Maybe I'm misunderstanding but I'm not sure how your last comment relates to your previous one.
I think the radio dongle is set up to expose some controller interface when there are controllers connected, likely working as a hub and exposing the same interface as when connecting the controller directly through USB cable.
It does work as a mouse, and the dpad as the arrow keys, the A button as Enter, etc. Even without Steam running. At least in Windows.

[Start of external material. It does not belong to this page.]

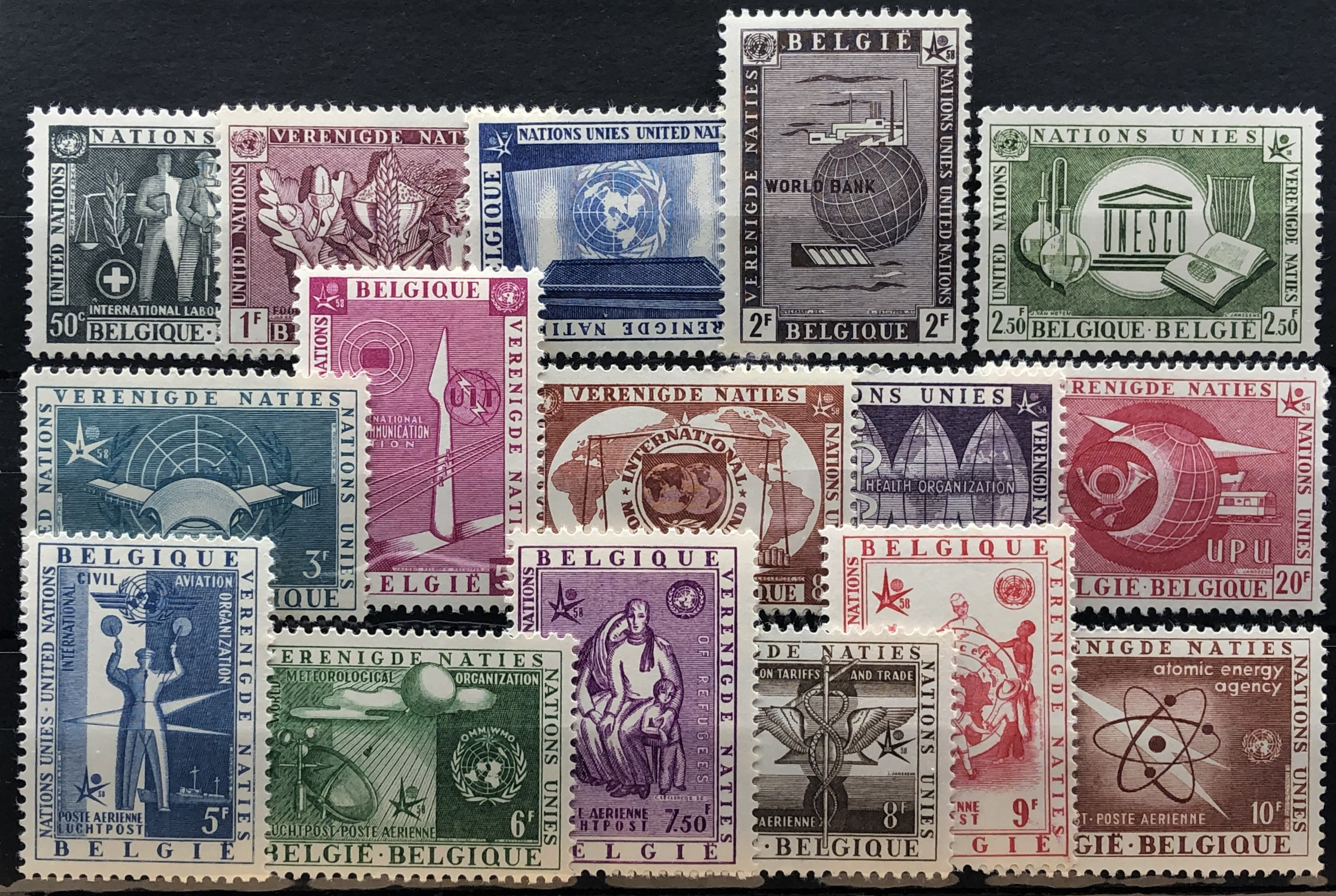 United Nations Issue, World's Fair, Brussels, 1958. Postally valid only from the UN pavilion at the Brussels Fair. Complete set of 16.
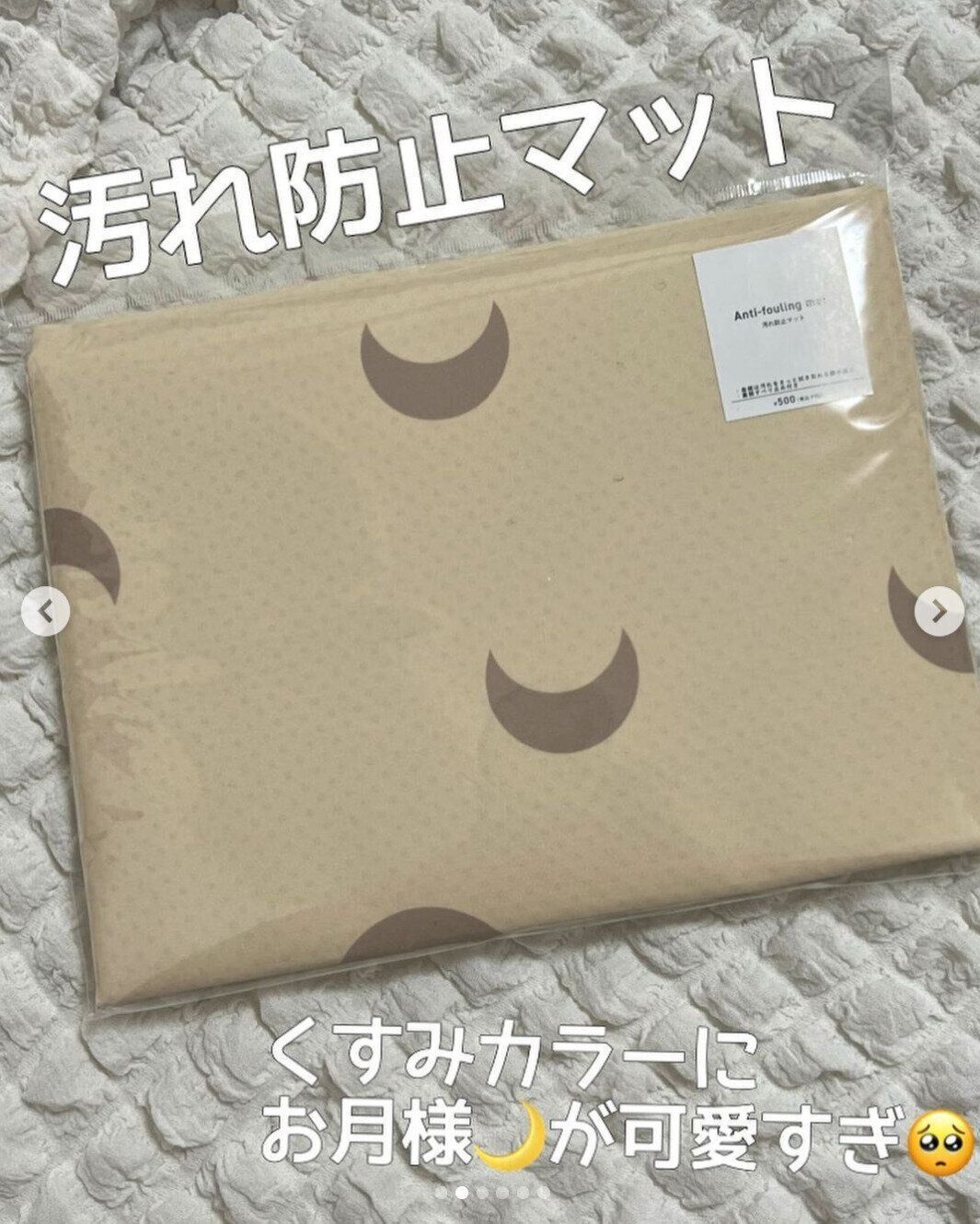 こちらはayo_babygramさんが3COINSで購入した汚れ防止マット。食べこぼしなどで床が汚れるのを防いでくれるアイテムのようです。フローリングの溝に汚れが入ることがなくなりストレスが減ったんだとか♪ こちらは550円商品で、サイズは横90cm×縦70cmとのこと。

Bluetooth Low Energy has been a standard since Bluetooth 4.0 was adopted in 2010. That BLE it is not backwards compatible with Classic Bluetooth doesn't change that it is now a standard version of Bluetooth, and one that is supported by all devices that support Bluetooth 5 (and a lot of devices that support 4.0+) Chances are that if your phone, tablet or other device is capable of running the Steam Link app, that it also supports BLE.
If what you're seeing isn't matching what's at that link, it could be because the whole thing is still in beta, and changes are being made regularly to Steam.
EDIT: My mistake. Apparently Bluetooth support for the Steam Controller is just now out of beta, about an hour ago as I type this.
What part of an international standard set by the organization that created Bluetooth makes it not standard?
A website showing inaccurate information for a feature still in development has everything to do with it recently being in beta.
Although, at this point I'm wondering if you're trolling, or if you don't know what you're doing. Since you don't know what the definition of "standard" is, nor do you appear to know what beta software is.
The only thing a protocol needs to be a standard is support by enough companies, and both bluetooth 4.0 and 5.0 have it, internationally... whether or not there are old devices that do not support it has nothing to do with it being a standard.
BLE works, and over 90% of phones should support BLE.
BLE has been part of the bluetooth standard before the SC was a thing. BLE is not compatible with BR or EDR BT, but you don't have to support both to be called BT compatible.
BLE uses a simpler modulation scheme, problably one of the things needed to have a lower latency.
So yes, SC is BT compatible, but it might not be compatible with your BT.
To be honest: I wonder how that's still possible... I know I had a hard timing searching for a BT (non BLE) HRM because my phone did not support BLE, back in 2011... My 2014 and newer phones all had BLE.